Looking further into it, these seem to all be the two-char ISO 639-1
codes, rather than the three-char ISO 639-3
codes used by this library.
so tl;dr: your code looks good to me! feel free to PR it with a CLI arg to enable it!
I'm sure they're mismatches.
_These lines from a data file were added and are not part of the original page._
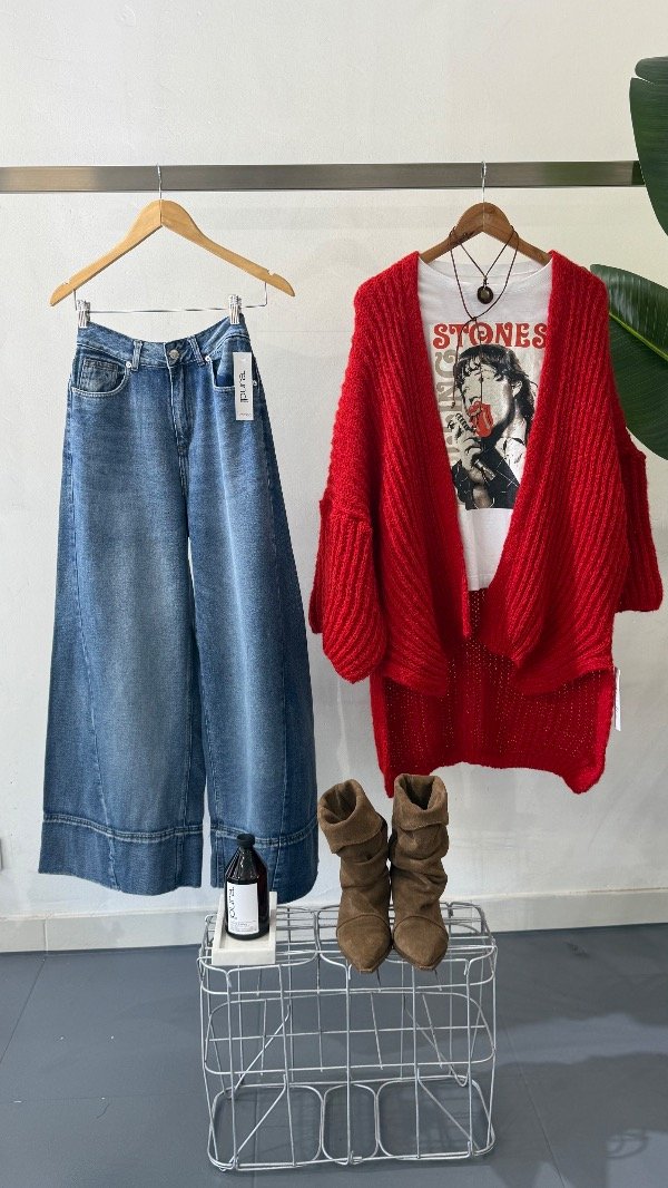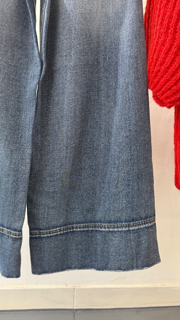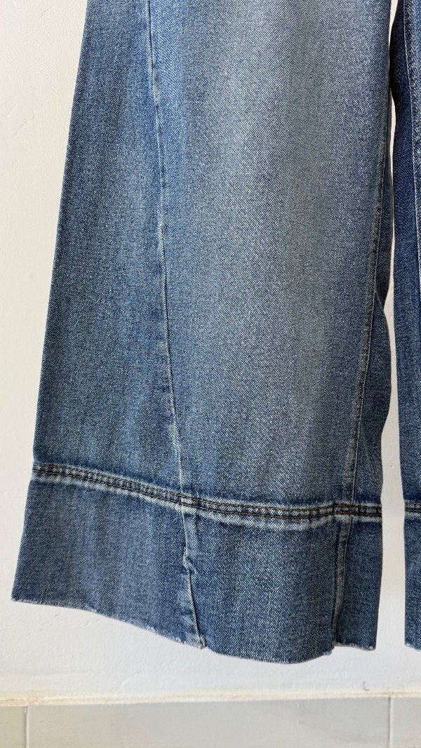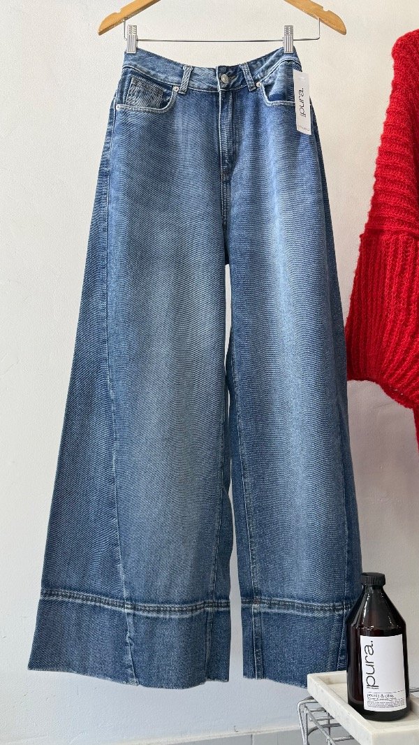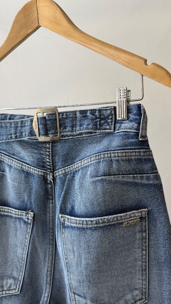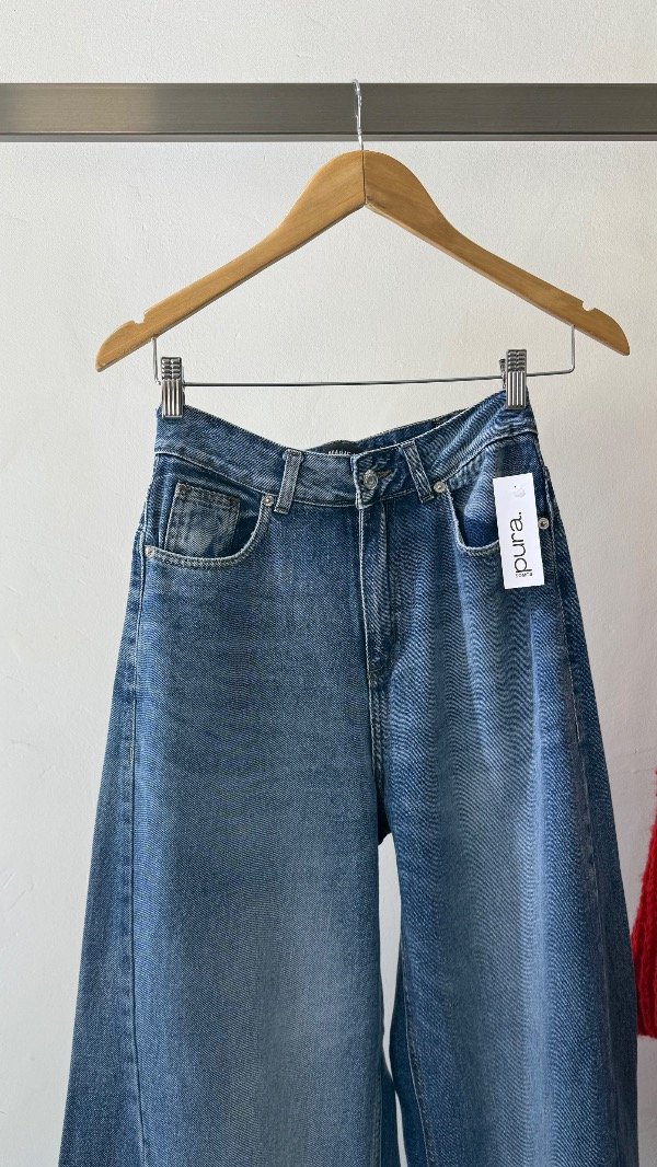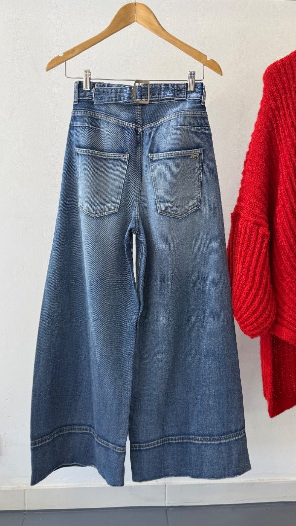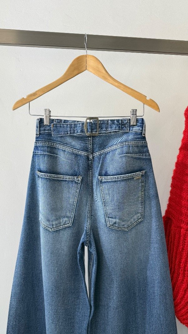 Jean tiro alto de cinco bolsillos. Calce relajado, con pierna ancha y recortes. Lavado azul localizado. Detalle de hebilla personalizada en cintura.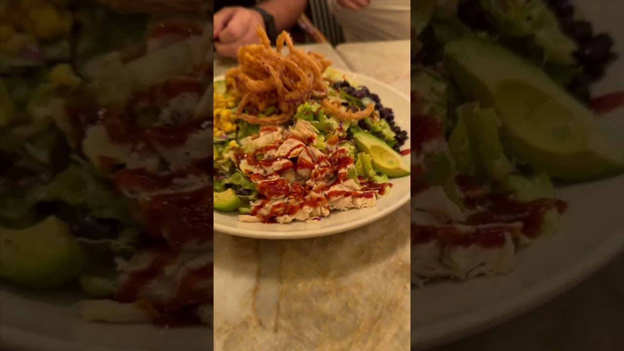 Cheesecake Factory let’s see how cheap we can feed our family of six we’re just going to split the barbecue ranch chicken salad the gluten-free french fries to six plates and lots of extra Ranch yeah chocolate red so I’ll have that right out let me grab some extra plates for you too [Music] all right so we all got salad and then our fries are still coming thank you very much yeah look at those fries AER so the ranch chicken salad was $8.95 the side of fries is $6.95 so our total was 28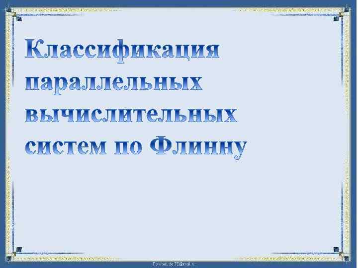 Классификация (таксономия) Флинна — общая классификация архитектур ЭВМ по признакам наличия параллелизма в потоках команд и данных. Была предложена в 1970 -е годы Майклом Флинном. Все разнообразие архитектур ЭВМ в этой таксономии Флинна сводится к четырём классам: -ОКОД — Вычислительная система с одиночным потоком команд и одиночным потоком данных (SISD, Single Instruction stream over a Single Data stream). -ОКМД — Вычислительная система с одиночным потоком команд и множественным потоком данных (SIMD, Single Instruction, Multiple Data). -МКОД — Вычислительная система со множественным потоком команд и одиночным потоком данных (MISD, Multiple Instruction Single Data). -МКМД — Вычислительная система со множественным потоком команд и множественным потоком данных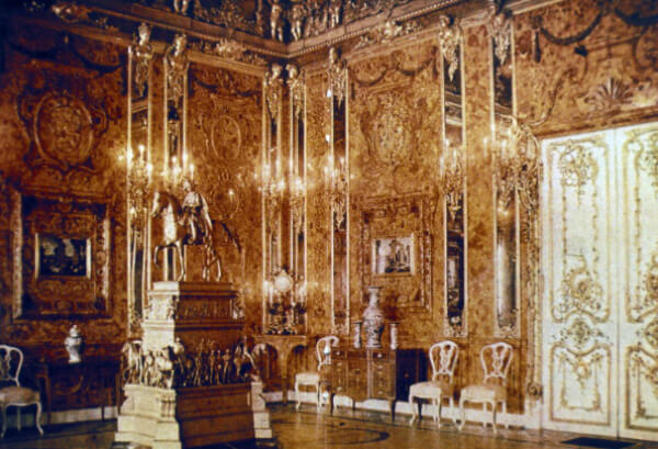 At the conclusion of WWII, one mystery that remained was the fate of the Amber Room. Originally located in the Catherine Palace near St. Petersburg, the chamber was decorated in amber panels with gold leaf mirrors. The Amber Room was ransacked during WWII by an army group of Nazi German and brought to Konigsberg.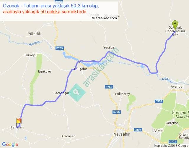 Özonak - Tatların arası yaklaşık olarak 90 km/h ile yukarıda belirtilen sürede olup, iki yerin kuş uçuşu uzaklığı (mesafesi) 37'dir. Yolculuk otobüsle 1 saat 5 dakika sürmektedir.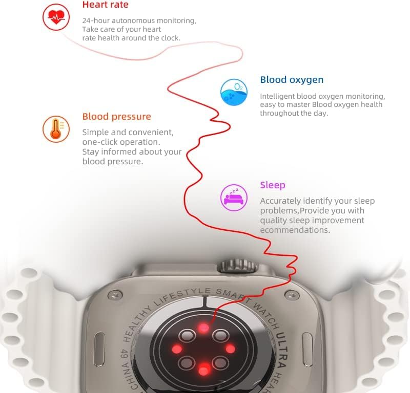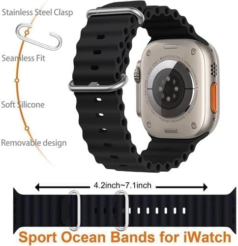 Generic - ساعة ذكية سمارت ووتش الترا 2 بشاشة عرض كاملة أنفينيت (1.99)، شحن لاسلكي، متوافقة مع جوالات ايفون واندرويد، سوار سيليكون (أسود)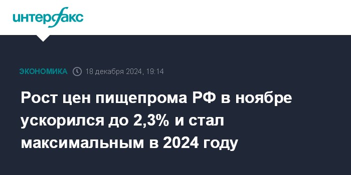 Рост цен пищепрома РФ в ноябре ускорился до 2,3% и стал максимальным в 2024 году

Languages != countries.
"🇰🇼 Cornish"
That is not the Cornish flag, it's the flag of Kuwait.
Language | ISO 639-3 alpha-3 language code | ISO 639-3 alpha-2 language code | Flag |
---|---|---|---|
Cornish | cor | kw | ![]() |
Country | ISO 3166-1 alpha-2 country code | Flag |
---|---|---|
Kuwait | KW | ![]() |
"🇨🇾 Welsh"
That is not the Welsh flag, it's the flag of Cyprus.
Language | ISO 639-3 alpha-3 language code | ISO 639-3 alpha-2 language code | Flag |
---|---|---|---|
Welsh | cym | cy | ![]() |
Country | ISO 3166-1 alpha-2 country code | Flag |
---|---|---|
Cyprus | CY | ![]() |
"🇸🇻 Swedish"
That is not the Swedish flag, it's the flag of El Salvador.
Language | ISO 639-3 alpha-3 language code | ISO 639-3 alpha-2 language code | Flag |
---|---|---|---|
Swedish | swe | sv | ![]() |
Country | ISO 3166-1 alpha-2 country code | Flag |
---|---|---|
El Salvador | SV | ![]() |
Oops sorry my mistake, you're right - for some reason I'm seeing different things on different devices: Chrome on my laptop displays letters that seem to map to ISO 639-1s and on Chrome on my phone I can see the wrong flags you mentioned 🤔
Maybe there's a free dataset somewhere mapping ISO 639-3 codes to flag emojis we could use?